Records drawn from a dataset
********************

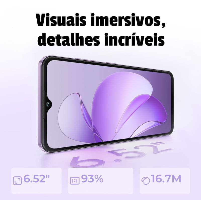 Con una pantalla IPS HD+ de 6,52”, una batería de 5000 mAh y el eficiente procesador Unisoc T310, ofrece una experiencia fluida para llamadas, mensajes, navegación, vídeo y aplicaciones esenciales.
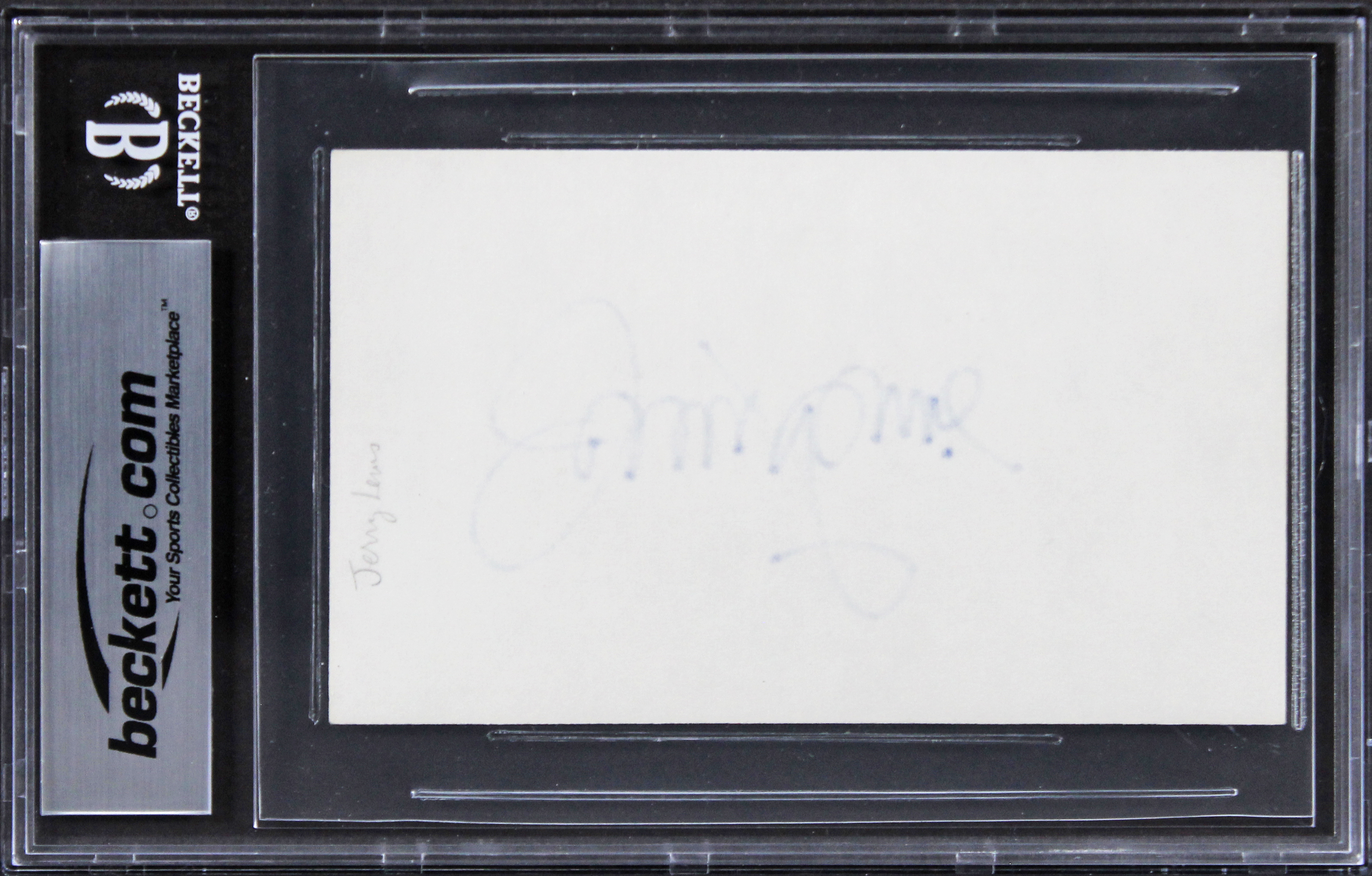 This Autographed 3x5 Index Card has been Personally Signed by Jerry Lewis of The Nutty Professor. This item is 100% Authentic, it comes slabbed and authenticated by Beckett Authentication Services. The authenticity can be verified on Beckett Authentication Services website.
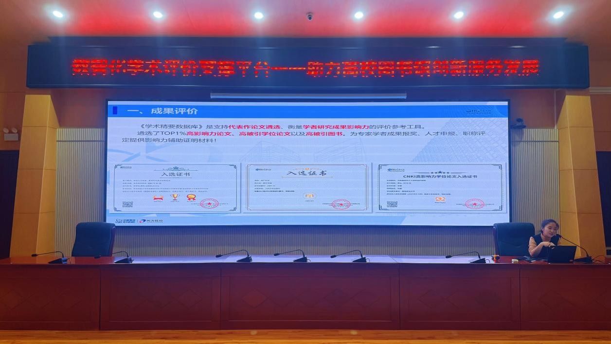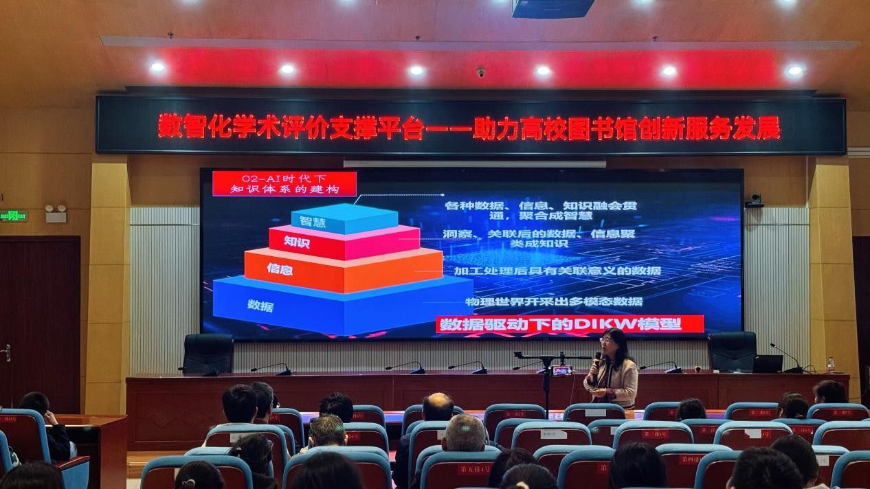 郭小英以“数智化学术评价支撑平台:助力高校图书馆创新服务发展”为题展开分享。她介绍了中国知网旗下中国科学文献计量评价研究中心的基本情况,并结合近年发布的学术评价榜单、代表性论文及学术专著,系统剖析了该平台在支撑科研评价与学术创新中的重要作用。她表示,在人工智能与数智化转型浪潮下,高校图书馆正面临从“资源守护者”向“价值创造者”的深刻转变。通过数智评价赋能,图书馆员得以从繁复事务中解放,将更多精力投入专业判断与智慧服务,推动图书馆从辅助性后台角色,逐步走向前台,成为学校科研管理与决策支持的重要智库。讲座最后,郭小英还进行了平台功能的现场演示。
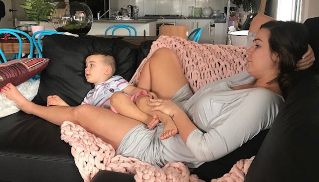 A-freaking-men. Moms are typically the family photographer, and that means moms are often left out of the picture — literally. In the age of smartphones, dads are every bit as able to take photos, yet, most don’t think to capture those little moments that aren’t part of a bigger holiday or event. Cachia’s husband just preserved a mundane mom thing — Cachia lying on the couch, idly stroking her little guy’s leg — and it’s beautiful. This is what every mom will want as her kids get older so she can look back on those special cuddles and un-posed memories.
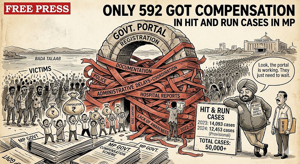 Bhopal (Madhya Pradesh): Hit-and-run cases in Madhya Pradesh are on the rise but compensation meant for victims continues to reach only a fraction of those affected. Thousands of victims or their families have registered claims over the years, yet only about half of them have received any financial relief, exposing a gap between policy and implementation.

********************

- YOUR TASK
Give back each of the records above word for word, apart from the pictures.

- YOUR SOLUTION
 Con una pantalla IPS HD+ de 6,52”, una batería de 5000 mAh y el eficiente procesador Unisoc T310, ofrece una experiencia fluida para llamadas, mensajes, navegación, vídeo y aplicaciones esenciales.
 This Autographed 3x5 Index Card has been Personally Signed by Jerry Lewis of The Nutty Professor. This item is 100% Authentic, it comes slabbed and authenticated by Beckett Authentication Services. The authenticity can be verified on Beckett Authentication Services website.
 郭小英以“数智化学术评价支撑平台:助力高校图书馆创新服务发展”为题展开分享。她介绍了中国知网旗下中国科学文献计量评价研究中心的基本情况,并结合近年发布的学术评价榜单、代表性论文及学术专著,系统剖析了该平台在支撑科研评价与学术创新中的重要作用。她表示,在人工智能与数智化转型浪潮下,高校图书馆正面临从“资源守护者”向“价值创造者”的深刻转变。通过数智评价赋能,图书馆员得以从繁复事务中解放,将更多精力投入专业判断与智慧服务,推动图书馆从辅助性后台角色,逐步走向前台,成为学校科研管理与决策支持的重要智库。讲座最后,郭小英还进行了平台功能的现场演示。
 A-freaking-men. Moms are typically the family photographer, and that means moms are often left out of the picture — literally. In the age of smartphones, dads are every bit as able to take photos, yet, most don’t think to capture those little moments that aren’t part of a bigger holiday or event. Cachia’s husband just preserved a mundane mom thing — Cachia lying on the couch, idly stroking her little guy’s leg — and it’s beautiful. This is what every mom will want as her kids get older so she can look back on those special cuddles and un-posed memories.
 Bhopal (Madhya Pradesh): Hit-and-run cases in Madhya Pradesh are on the rise but compensation meant for victims continues to reach only a fraction of those affected. Thousands of victims or their families have registered claims over the years, yet only about half of them have received any financial relief, exposing a gap between policy and implementation.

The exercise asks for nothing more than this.